Jamie did the silencing with an arrow in the middle of the man’s back. The Mexican batteries began opening up, from about five hundreds yards away from the Alamo. Jamie’s knife flashed in the night and he silently slipped away, his bloody souvenirs dangling from his belt. He slipped into the town, knowing he was taking a terrible chance, but feeling the Mexican soldiers ought to know a taste of fear. He was going to give them a taste of it, that night.

That Colonel Travis would not approve of this did not bother Jamie a twit. Bowie would be amused by it.

A drunken sergeant lurched out of a cantina that the soldiers had forced open, mouthing terrible things about norteamericanos in general and Texans in particular. Jamie left him sitting on the dirt in the alley, his back to the outside wall of the cantina, his chin on his chest, and his head glistening dark and wetly in the night.

Jamie flattened out against the wall of a building as a dozen or more cavalrymen walked their horses up the street, the hooves making a frightful echoing racket on the stones. Jamie used that noise to cover any slight sound he might make and slipped away. He made his way over to where a battery of artillerymen were swabbing out and reloading cannon. Then, Jamie supposed, they decided to take a break, for coffee or food or whatever, for they all walked away and vanished into the night. Jamie slipped over to the row of cannon and finding a bucket, began working quickly, scooping up mud and pouring it into the barrels of two of the eight-pounder cannon. Then he packed it in tight and rolled over into a ditch just as the men returned to their stations.

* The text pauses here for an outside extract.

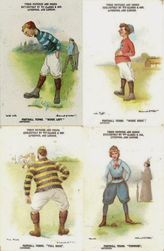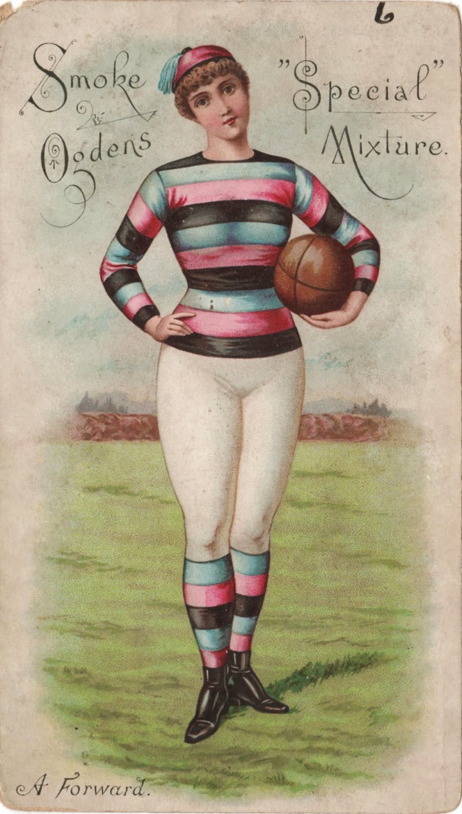 If you hunt, you will find lady footballers on vintage cigarette cards and postcards. Some time between 1895 and 1900, Ogden's issued twelve cards which have come to be known as "Cricket and Football Terms - Women" (O/2-14 : RB.15/69 : RB.21/170.1 : H.314) And do note that some of these cards are actually rugby football. These cards were what is known as standard size, 67 x 36 m/m, and were un-numbered. In our original Reference Book RB15 it is stated that the backs are in black with "Ogden's Gold Medal Cigarettes" to the top and a list of seven brands below. However by 1956, for our World Tobacco Issues Index, it had been discovered that there were two other versions.
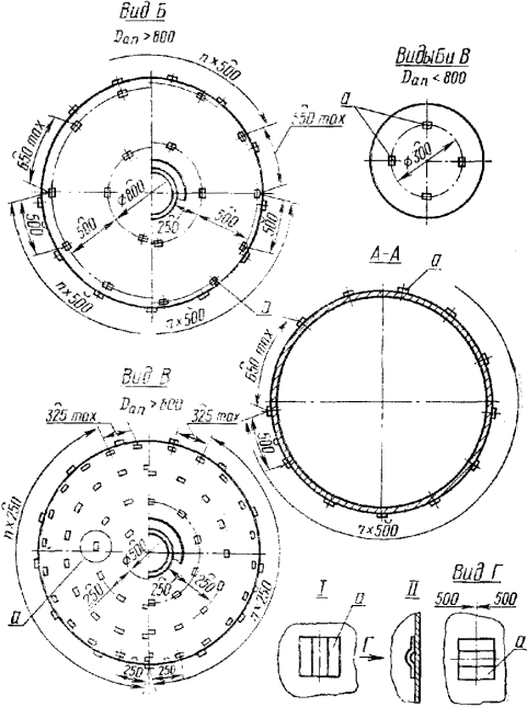 в) на днищах и крышках - в соответствии с черт. 3, 5 и 6 (на конических днищах и крышках по примеру черт. 3 и 5);

It was going to get real interesting when the order came for those men to fire their cannons.

Jamie collected three more scalps that night before he decided not to push his luck any further. He headed back for the Alamo, finding it almost ridiculously easy to wend his way unseen through the Mexican lines.

“Thanks, Tall Bull,” he said under his breath, for the brutal training the Shawnee had given him on how to survive.